= John Nicholson (orientalist) =

English orientalist (1809–1886)

John Nicholson (1809–1886) was an English landowner and orientalist, known for his command of Hebrew and Arabic.

==Life==
He was the son of the Rev. Mark Nicholson of Barbados, the eldest in a family of six and born there; his mother was Lucy Reynold Ellcock. He matriculated at The Queen's College, Oxford in 1825, at age 16, graduating B.A. in 1830. He then went to the University of Göttingen to study under Heinrich Ewald. Ludwig Leichhardt, a friend there, mentioned that Nicholson left Göttingen around the end of 1833. Nicholson's translation of Ewald's Hebrew Grammar was published by 1835.

In 1838 the Rev. Mark Nicholson died: to this point he had supported John Nicholson and his brother William with generous allowances. William had returned to the family home at Clifton, Bristol, and Leichhardt visited him there. Nicholson entered the University of Tübingen in 1838. He was awarded a doctorate there for a translation from the Arabic.

Nicholson then returned to England, settling at Penrith, Cumberland. He was first at "Inglewood", Townhead, from 1840, moving in 1851 to Fellside. The Maronite scholar Ahmad Faris al-Shidyaq paid an extended visit to him there, in winter 1851–2, examining manuscripts in Arabic. Another visitor, and a long-term correspondent, was Francis William Newman. The Swedenborgian traveller Rudolph Leonhard Tafel encountered there Mark Nicholson, John's youngest brother, in 1857.

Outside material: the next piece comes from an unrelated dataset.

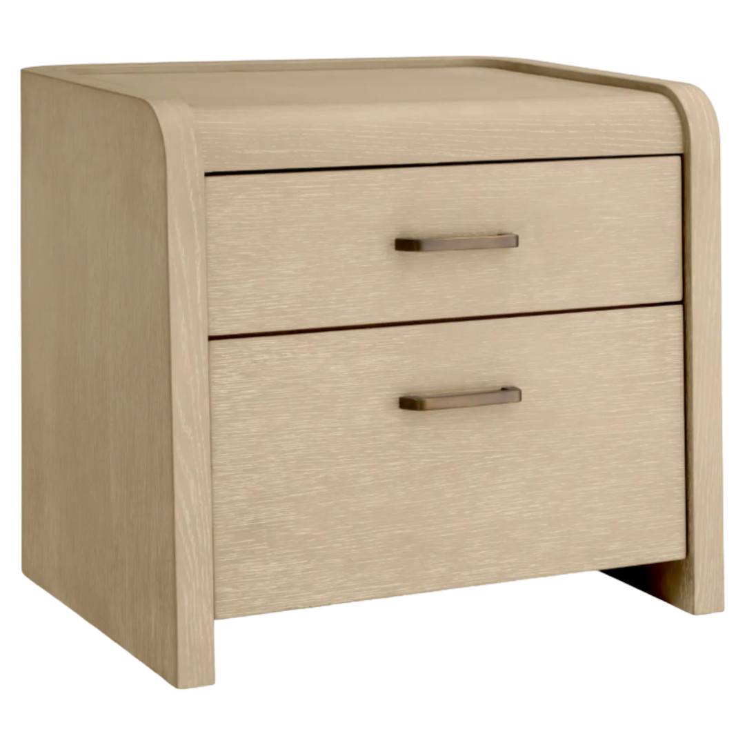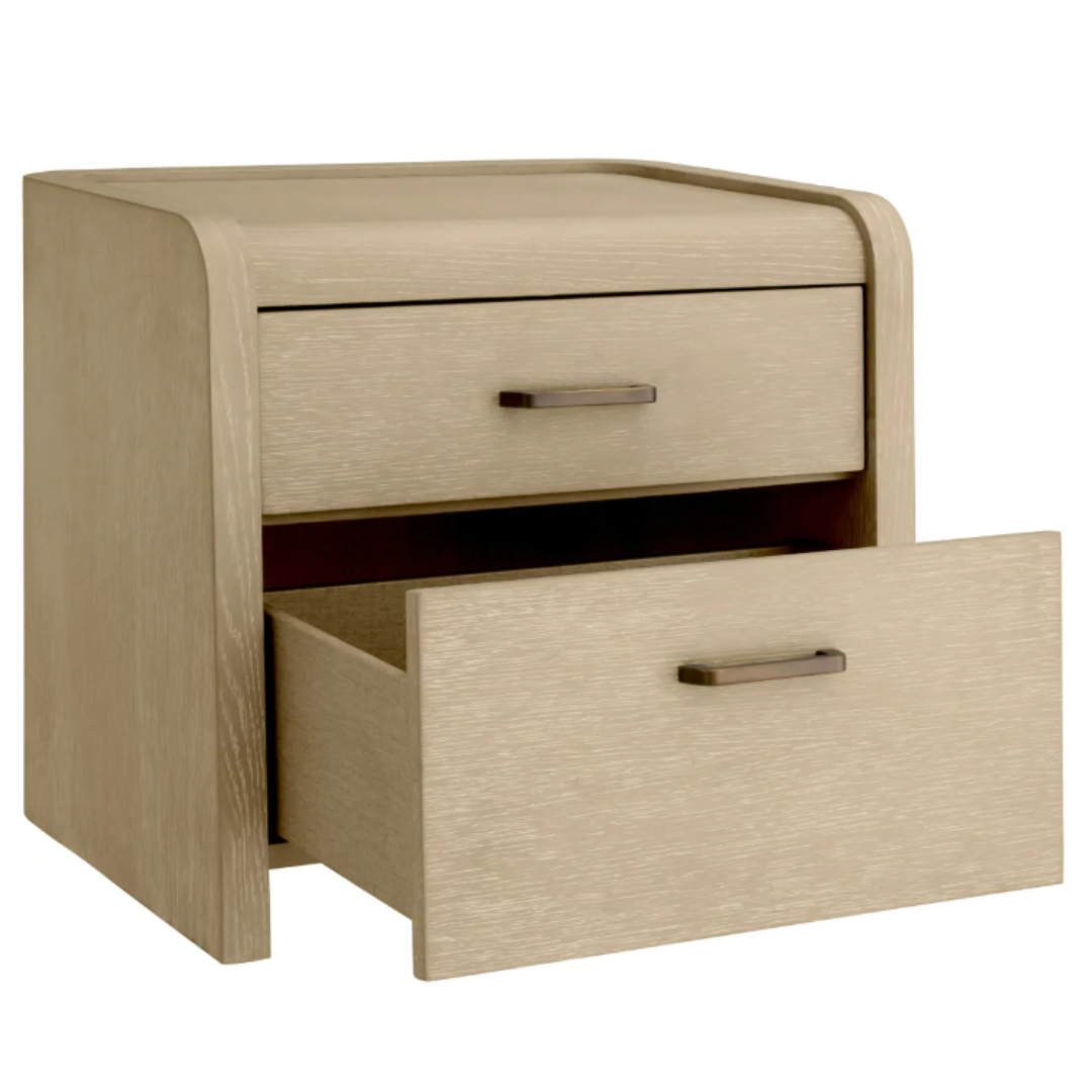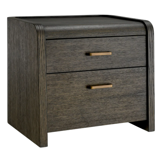 Fedezd fel a Joane éjjeliszekrényt csábító mokka vagy natúr kivitelű tölgyfa furnérban, ahol az elegancia és a használati érték találkozik. Karcsú kontúrjai és kifinomult bronz fényezése kifinomultságot sugároz, míg két tágas, Soft-Close rendszerrel záródó fiókja elegáns tárolást kínál. Tökéletes azok számára, akik értékelik a visszafogott luxust a belső terekben.

In 1854, Nicholson was one of the founders of the Penrith Working Men's Reading Room, with Lord Brougham and William Marshall.

==Works==
- An Account of the Establishment of the Fatemite Dynasty in Africa (1840), translation from a work attributed to Al-Masudi. Nicholson translated and annotated the work, which he described as a chronicle by ʻArīb ibn Saʻd, a continuator of Al-Tabari.

==Legacy==
In 1885 Nicholson presented more than one hundred bound volumes to the library of the Royal Asiatic Society, of works in Sanskrit and other languages. A catalogue of his Arabic and Persian manuscripts was made by Reynold A. Nicholson, his grandson. R. A. Nicholson's early inspiration as an orientalist was his grandfather's library; and he inherited a collection of manuscripts from it.

==Family==
In 1836 Nicholson, then of Clifton, Bristol, married Ann Elizabeth Waring of Lyme Regis, daughter of Henry Waring, a naval captain; she was the sister of Edward John Waring and John Burley Waring. The couple resided in Lyme Regis for a period, during which their first child was born, in 1838. This was John Henry Nicholson.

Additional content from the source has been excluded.